Liv Boeree started the final table of the WSOP Super Main Event in fourth place. She ended with parity, finishing in fourth place and cashing for $2.8 million. Or, as Boeree put it, a “shit ton of money.”
Even by top-end poker standards, $2.8M is a lot of money. And it not only catapulted Boeree into fourth place on the woman’s all-time money list (overtaking Maria Ho) but also saw her break the record for the biggest-ever cash by a female poker player.
It’s a remarkable achievement for a player who retired from the game a few years back to focus on her new project, the Win-Win Podcast, described as “a series of conversations with leading thinkers in search of solutions to humanity's biggest dilemmas.”
Over the past week in The Bahamas, Boeree has kicked back a bit and focused just on solving poker’s biggest dilemmas.
And she came very close to working them out enough to come out on top of one of the toughest $25K buy-in fields ever assembled.
Liv Boeree with her colleagues from the Super Main Event final table.
It turned out that the answers, for Liv at least, came from trusting her instincts and going with “vibes,” a refreshing antidote to the GTO play that is more familiar in elite poker. It’s a strategy that even her partner Igor Kurginov, himself a successful pro more versed on the GTO streets, endorsed.

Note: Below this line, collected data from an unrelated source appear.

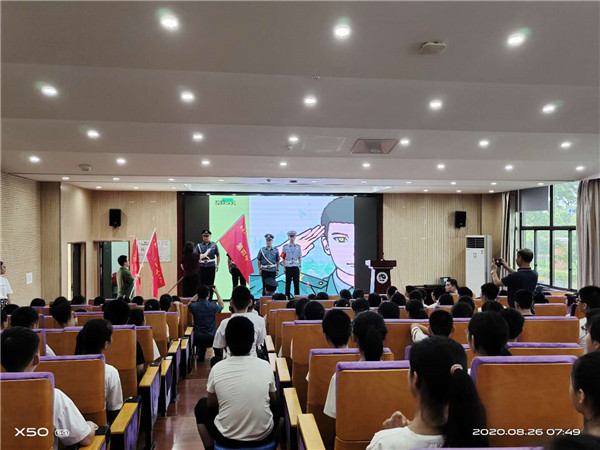 开训仪式上,军训教官领队一大队副大队长袁飞在发言中对同学们提出了要求和期望,姚敏校长以“天时地利人和”这句话来形容此次的军训,并向本次负责军训的教官们授旗。
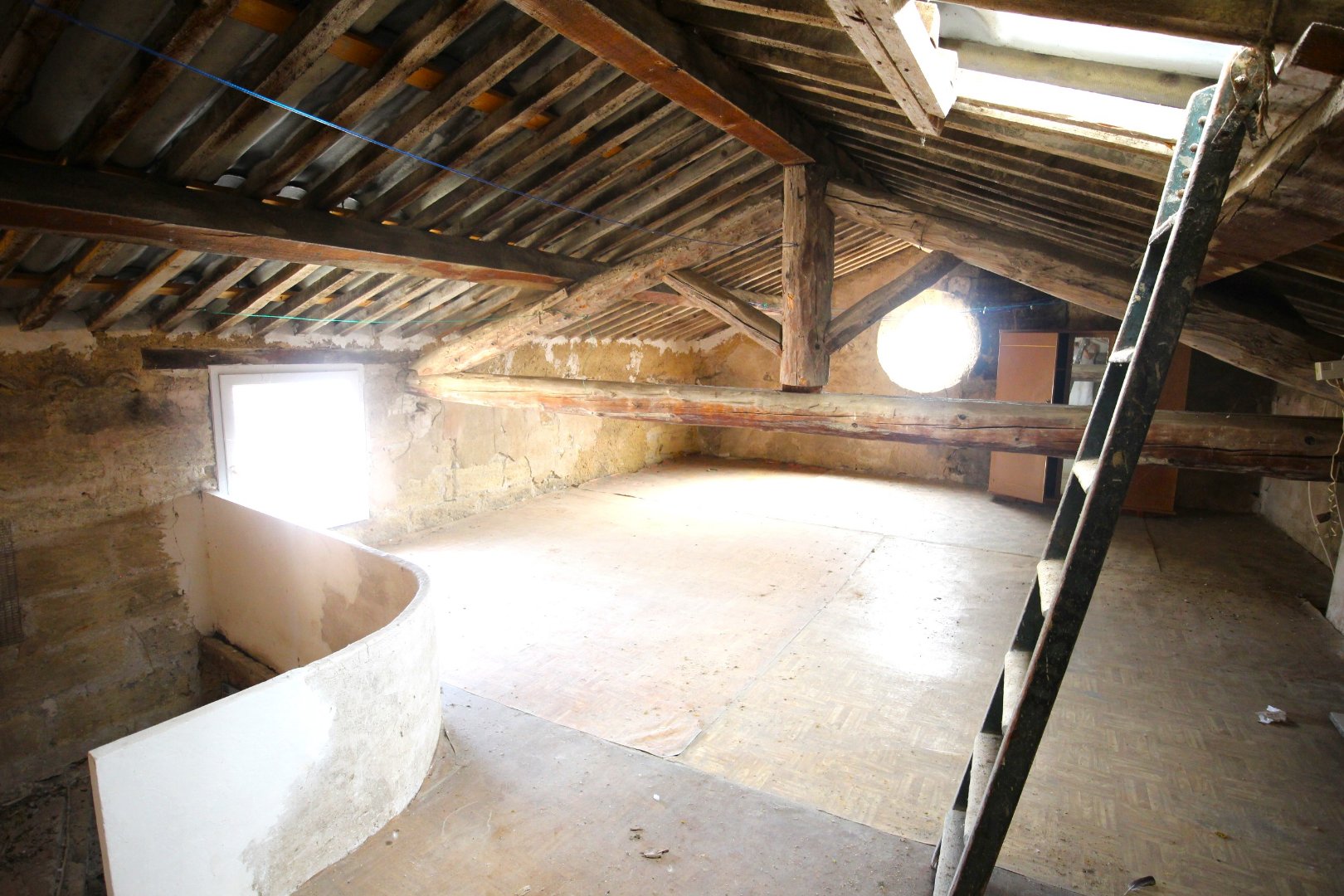 Au-dessus, le grenier est accessible par un escalier.
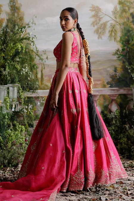 Pink Silk, Organza Sequins, Beads V-neck Leaf Embroidered Bridal Lehenga Set

“He was just like, ‘No, just keep following your gut. Don't worry, don't try and study charts or anything like that, just feel it out,’” Boeree told us after she was eliminated.
“I think genuinely as you get older you just get better at picking up social vibes and cues," she added. "Also, not to harp on about it, but it is a thing that women have in droves. That is one of our many strengths and I'm finally comfortable with leaning into that and being like, ‘Yeah, let's screw the math; let's just read people.'
"Sometimes you just get vibes and it's hard to put your finger on it, but you should listen to it.”
Many players would have been devastated at coming so close to a major bracelet win but in her exit interview with Jeff Platt, Boeree was jubilant.
“It was just the dream, just the most fun,” she said. “You know, when I retired from poker a few years ago, I'd kind of fallen out of love with the game because I had fallen into this weird, stagnant trap where I stopped being imaginative and trying new stuff and just was burnt out.
"And, you know, having now taken that time off, I feel like I can just see it with fresh eyes.”
Boeree always looked like she was enjoying herself despite the high-pressure environment.
Talking with PokerOrg’s Tiffany Michelle, Boeree’s eyes lit up when she was told she’d moved to fourth on the women’s all-time money list to sit behind only Vanessa Selbst, Kristen Foxen, and Kathy Liebert.
“Wow! Okay,” she said. “It’s a shit ton of money,” Boeree said. “I don't know what people think, and I don't want to talk about money, but that's an insane amount of money for me.”
And how is she planning on spending the money?
“Actually, I know what I'm going to do,” Boeree told Tiffany. “Before this tournament started, I said to myself, I'm going to pledge 20% of whatever I win to help get rid of factory farming or at least improve the conditions for animals on factory farms, because it is literally the worst thing on earth, what's going on there. I won’t get into it.
“I haven't figured out exactly how and what are the best charities yet, but luckily I know people who know how to do that.”
It's a feel-good end to a feel-good story.
And while the massive win hasn’t convinced her to come back to the game full time – her Win-Win project is too important to her for that – we hope it inspires her to carry on making the sort of cameo appearances that even Elon Musk takes notice of.